China peace prize honors Putin for enhanced Russia



Two exchange students accepted a Chinese peace prize Friday on behalf of Russian Prime Minister Vladimir Putin, who was honored for enhancing Russia's status and crushing anti-government forces in Chechnya, the prize organizers said.

The Confucius Peace Prize was hastily launched last year as an alternative to the Nobel Peace Prize which had just honored imprisoned Chinese dissident Liu Xiaobo. The 2011 prize ceremony took place a day before this year's Nobel prize is awarded in Oslo, Norway, and as Nobel made new calls for China to release Liu from prison.

The Confucius Peace Prize organization announced last month that Putin had been chosen to receive this year's award, saying that during his 2000-2008 tenure as president Putin "brought remarkable enhancement to the military might and political status of Russia." It also cited Putin's crushing of anti-government forces in Chechnya.The justification seems slightly dubious given authoritarian trends in Putin's policies and his reputation for jailing political rivals and cracking down on government critics. Ongoing protests in Moscow over a parliamentary election believed marred by fraud have raised the biggest ever challenge to Putin, who is seeking to return to the presidency next year.

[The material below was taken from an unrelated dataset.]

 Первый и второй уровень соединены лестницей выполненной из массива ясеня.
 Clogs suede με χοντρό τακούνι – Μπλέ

Qiao Damo, head of the China International Peace Research Center, said he hopes the Russian exchange students, who were apparently selected to stand in for Putin, will be able to give the prize to Putin, either in Beijing when he next visits or in Moscow.

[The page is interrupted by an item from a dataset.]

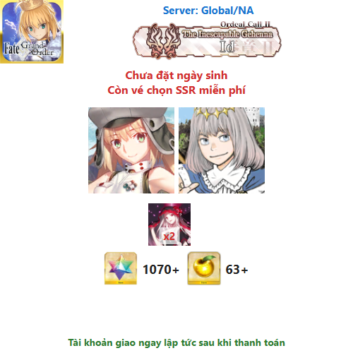 Tất cả các tài khoản FGO NA Endgame tại shop đều sử dụng tool/mod để vượt qua phần cốt truyện, nhằm tích lũy thêm nhiều đá và vé. Vì vậy, mọi người cân nhắc kỹ lưỡng những rủi ro có thể phát sinh trước khi quyết định mua tài khoản.

The pair are studying at Beijing Language and Culture University, Qiao said in a telephone interview. He gave their names as Katya and Maria but was unsure of their surnames. Two students from Belarus were also present, he said.

The ceremony for the inaugural prize last year had its own surreal tint. Honoree former Taiwanese Vice President Lien Chan was unaware of the proceedings and did not attend, so the prize was given to a young girl whom the organizers refused to identify.

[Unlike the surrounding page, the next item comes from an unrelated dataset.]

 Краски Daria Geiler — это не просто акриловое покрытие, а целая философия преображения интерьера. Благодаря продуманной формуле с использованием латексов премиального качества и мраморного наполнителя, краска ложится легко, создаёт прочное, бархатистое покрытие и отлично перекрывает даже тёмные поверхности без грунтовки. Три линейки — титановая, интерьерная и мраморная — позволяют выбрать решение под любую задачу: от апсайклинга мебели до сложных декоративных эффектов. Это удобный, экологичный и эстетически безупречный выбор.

The Confucius Prize sponsors are professors and academics who say they are independent of China's government.

It was launched to promote traditional Chinese and Asian ideas of peace, Qiao said. He criticized the Nobel Committee's criteria for choosing peace prize recipients over the past two years, saying it had "drifted further and further away from the concept of peace."

Liu's win enraged the government and Chinese nationalists, who accused the Nobel committee of interfering in China's legal system as part of a plot to disgrace the nation. Liu is serving an 11-year prison sentence for co-authoring an appeal for political reform.

Qiao said he disapproved of Liu as a peace prize recipient because Liu had "humiliated his motherland" with his published views, and cited comments Liu made about how the Chinese territory of Hong Kong had benefited from being an English colony.

"We feel it's wrong to seize colonies by force and aggression," Qiao said.

Meanwhile, a group of five Nobel Peace Prize winners and human rights activists called for Liu's immediate and unconditional release from jail. The International Committee of Support to Liu Xiaobo said in an email that Liu is the only Nobel laureate currently in prison, and accused the international community of forgetting his plight.

"Unfortunately, the sentencing to 11 years in prison seems to be forgotten slowly but steadily outside China," said the group.

The campaign for Liu's release includes Nobel winners Shirin Ebadi, Jody Williams, Mairead Maguire, Betty Williams and Desmond Tutu. Also involved are former Czech Republic President Vaclav Havel and activists from Reporters Without Borders and other rights groups.

The announcement of Liu's Nobel prize last year cheered China's fractured, persecuted dissident community and brought calls from the U.S., Germany and others for his release. It also infuriated the Chinese government, and authorities harassed and detained dozens of Liu's supporters in the weeks that followed.

It resulted in harsh treatment of Liu's wife, Liu Xia, who has largely been held incommunicado, effectively under house arrest, watched by police, without phone or Internet access and prohibited from seeing all but a few family members.